We when we run a service, either a UI or an API, that service has endpoints or URLs that point to representations of resources. When we change the schema/interface/expectations around how that endpoint works we are introducing what is known as a breaking change.

One example of a breaking change is a changing a property in the response from type int to type string. The reason it is a breaking is because this change can cause a client of the API to incorrectly parse the response.

If the client has code that says:

if (response.property * 10 < 100) { doSomething(); }

Then how property will be handled by different languages might result in a runtime exception or worse, no exception but improper handling of the result.

There’s obviously a need to introduce the string version of property, we don’t have to care where the need came from, but one example could be, we ran out of numbers. Transactional data runs into this problem all the time, and converting from a sequential int to a guid is one way to help.

Note: I general solution to this problem is that all identifiers must always be strings , never make an identifier an integer.

This is the solution to the problem, but we might have made a mistake, and in hindsight this is obvious, but doesn’t help us.

So what do we do?

Versioning endpoints

One solution is to prefix all your endpoints (or use a header or query parameter) to tell the service which version of an endpoint to use. Let’s define what we mean by versioning an endpoint. Versioning an endpoint is not “running multiple versions of the service at the same time”. It means adding an indicator to the endpoint so that callers can select which version they want. While in practice this can be done, it actually isn’t a concept that is but into practice. Here we will see why.

For instance we might have:

GET /v1/demo and now we’ll introduce GET /v2/demo Where in v1 we return an integer version in the property field and in the v2 we return a string version.

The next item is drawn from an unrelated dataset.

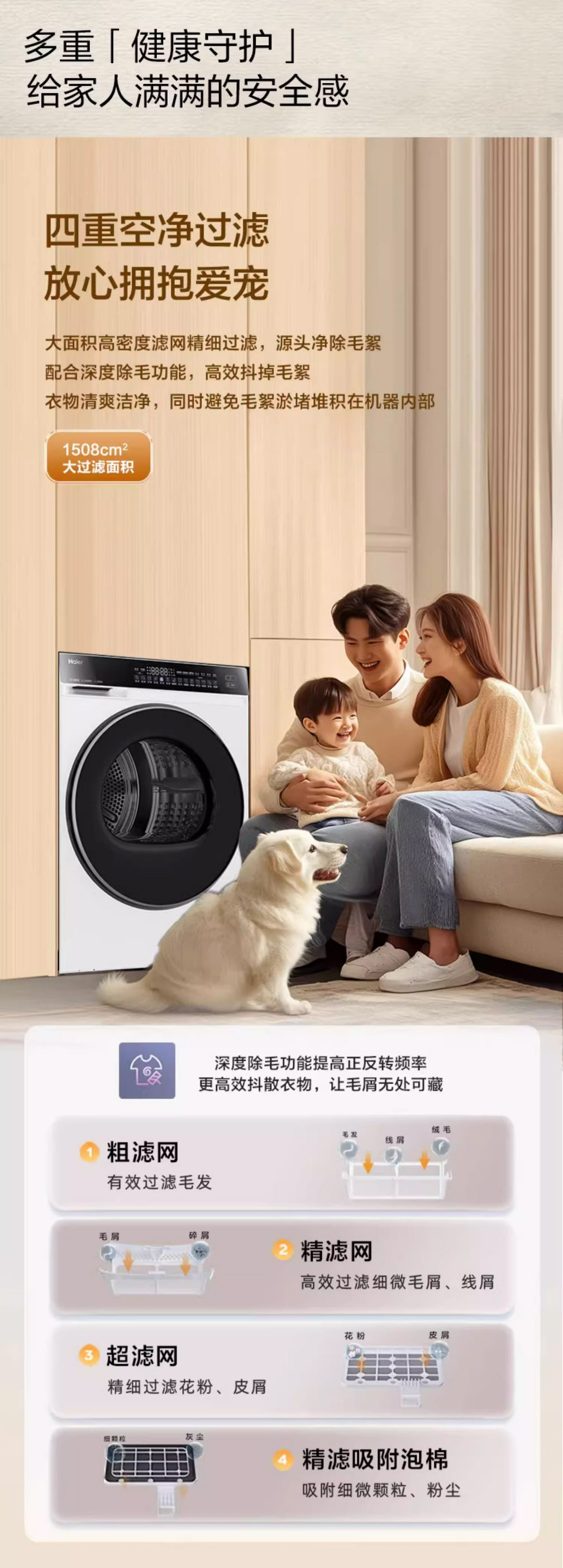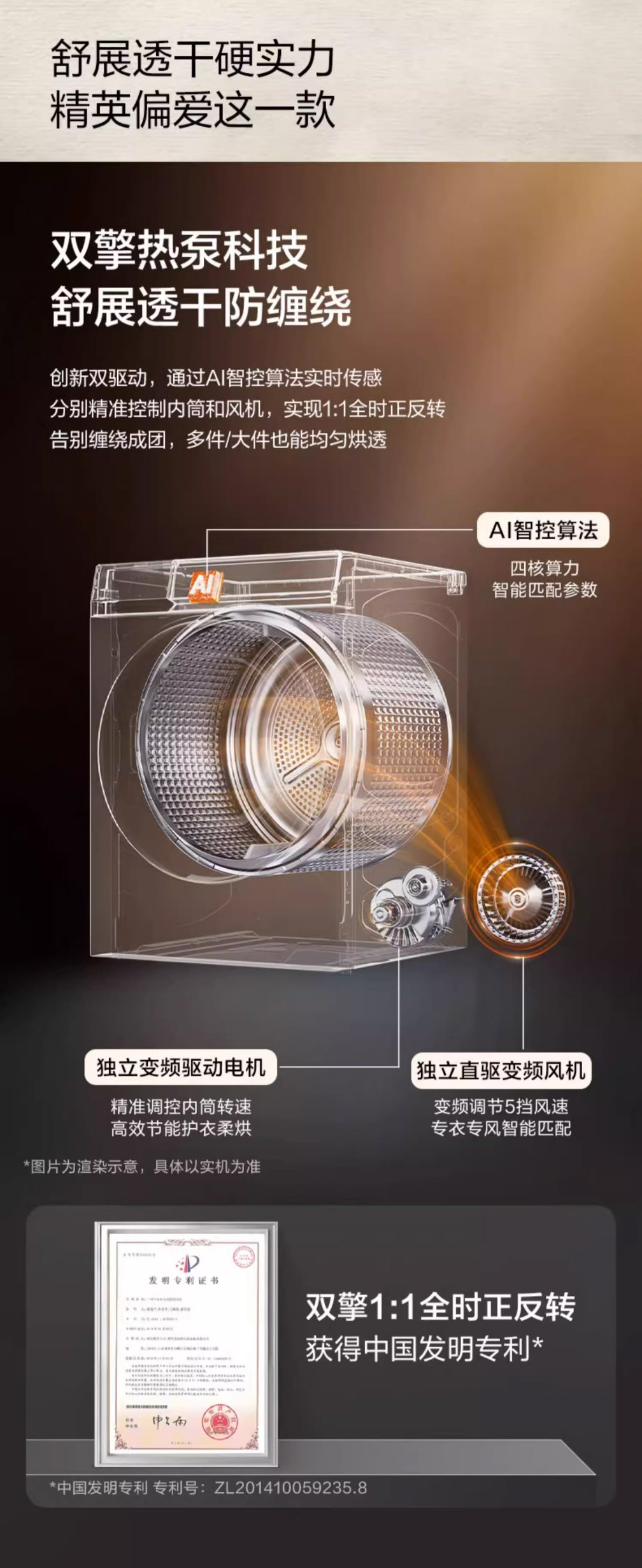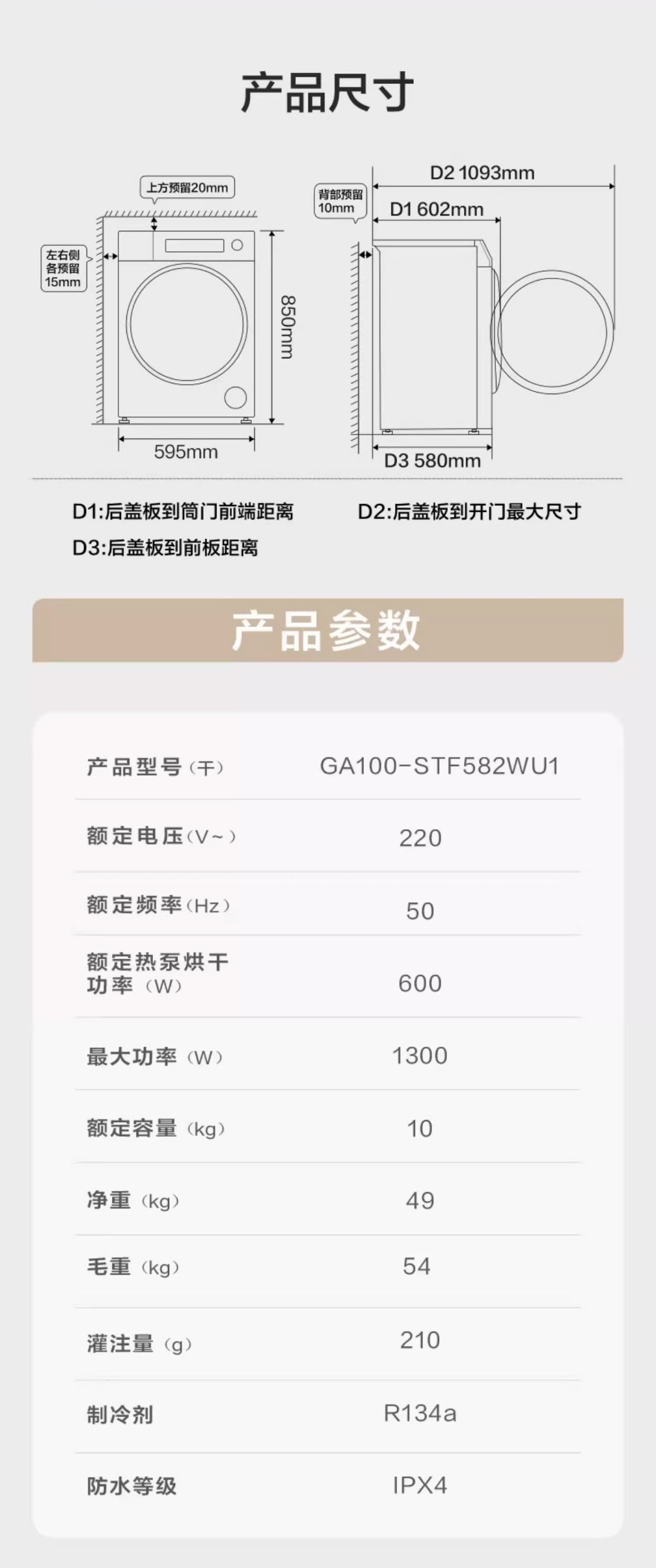 Yunxi high-luxury version Haier ultra-thin 3D dual-engine heat pump 10kg household fully automatic tumble dryer 582W

This works but it is a very bad and terrible idea. The reason is that clients that want the new functionality have to find and update their code to reference the new version of the endpoint. Another reason is that you might have multiple changes in progress at one time, does the v3 endpoint contain two changes at once, or what if you have three changes, how does that even work.

Another core problem here is that it just isn’t RESTful. While you might have something to say about whether REST is important, we should agree at the very least that this is a true statement. Having two different endpoints means that the resources at these endpoints should be different. Further what happens when you actually create a v2 resource and want to make the property be deadc0de? This resource now cannot be returned on the v1 endpoint, because v1 only understands int not the string value this property is.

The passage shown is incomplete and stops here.